In order to decrease the number of driving accidents, legislation on mobile cellular usage has been proposed in various states.

Law enforcement officers in 22 states and Washington, D.C. have collected information at crash scenes regarding the role of mobile phones.

Approximately 243,294 accidents occurred last year because of distractions. Of these, 366 were due to cell phones, according to the Drivers Distraction Report from the State of Florida Department of Highway Safety and Motor Vehicles.

Florida is one of many states that have laws that restrict the use of mobile phones while driving.

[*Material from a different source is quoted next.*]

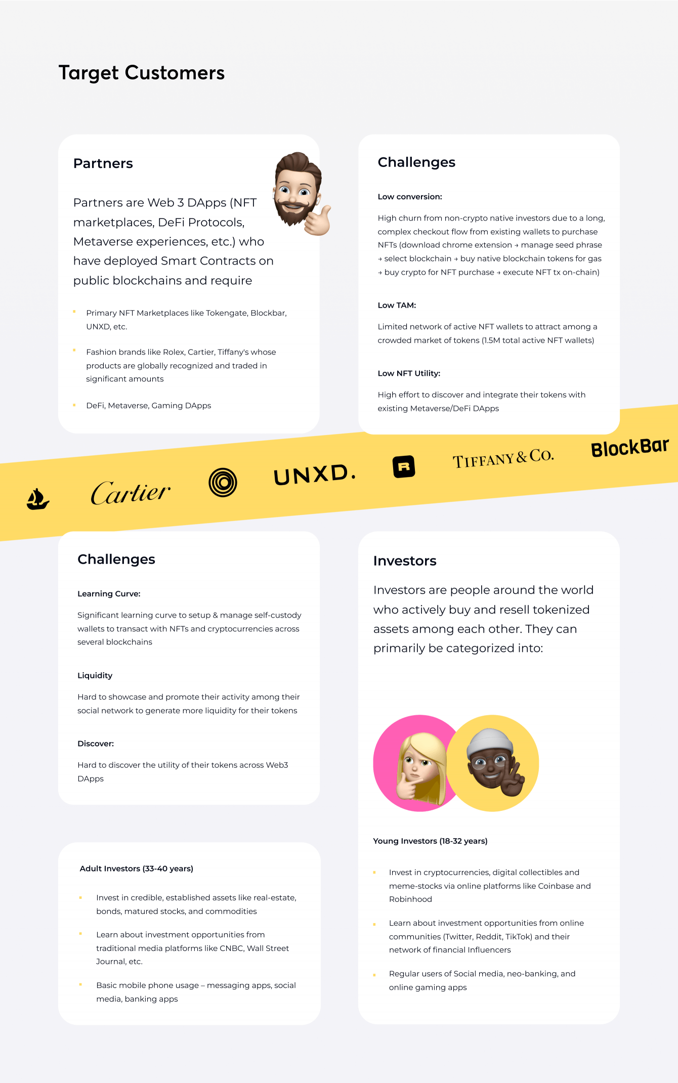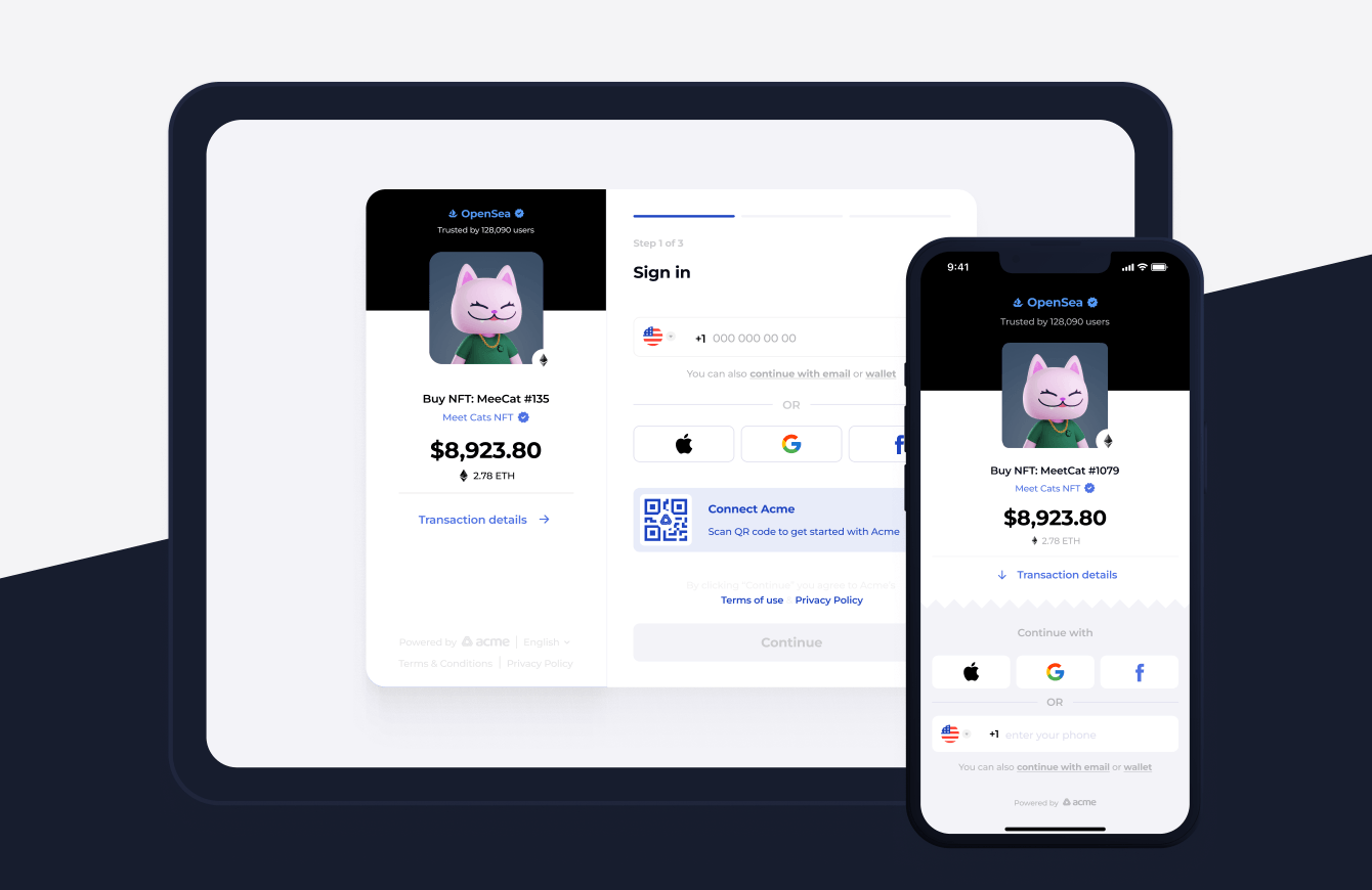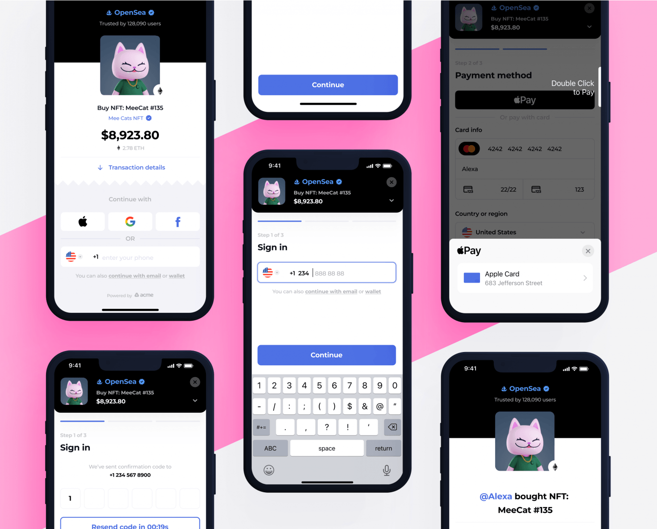 — Разработаны дизайны всех основных и дополнительных экранов приложения. Пользователи могут, выбирать разные типы входа — по номеру телефона или по адресу электронной почты, в один клик совершать NFT-операции, легко оплачивать покупки с помощью Apple или Google Pay или банковской карты

New York, New Jersey and Washington D.C. prohibit drivers from using hand-held mobile phones unless the usage of a hands-free device is used.

Statue FLS 316.304 states that in Florida cellular phone use is permitted as long as it provides sound through one ear and allows surrounding sound to be heard with the other ear.

Although Florida does not prohibit the use of cell phones, students are worried that one day this law will be enacted.

Nancy Metayer, 20, a second year environmental science student from Fort Lauderdale said she feels that driving while on the phone is dangerous. But she still does not want Florida to enact a law to prohibit it.

“I see it from both perspectives [as in] how it does become dangerous,” Metayer said. “If you’re responsible enough to drive and talk you should be liable for any accident you may cause.”

Statistics from FDHSMV show that drivers in the age groups of 18-25 account for the largest percentage of driver distracted crashes. Approximately 66 percent of all crashes resulting from driver distraction occurred during daylight hours and 34 percent occurred during non-daylight hours.

States such as California, Connecticut, Illinois, Maine, Maryland, Nebraska and North Carolina prohibit the use of hand-held wireless devices by drivers under the age of 21.

Past studies show that lack of experience makes younger drivers less proficient with handling additional distractions while driving.

Even though some students don’t agree with the law, they think it should be implemented in order to decrease the number of accidents.

Eliana Green, 25, a fifth year cardiopulmonary student from Colombia, S.C. said she doesn’t like the idea of prohibiting cell phone use while driving, but she does agree.

“I feel it is right. A lot of accidents happen when people talk on the phone because people are not aware of what’s going on outside,” Green said.

The use of cell phones has increased over the last 20 years. It has been estimated that nearly 73 percent of drivers use their cell phone while driving, according to estimates from the Florida National Highway Traffic Safety Administration. Talking on the phone while driving increases your chance of an accident up to four times.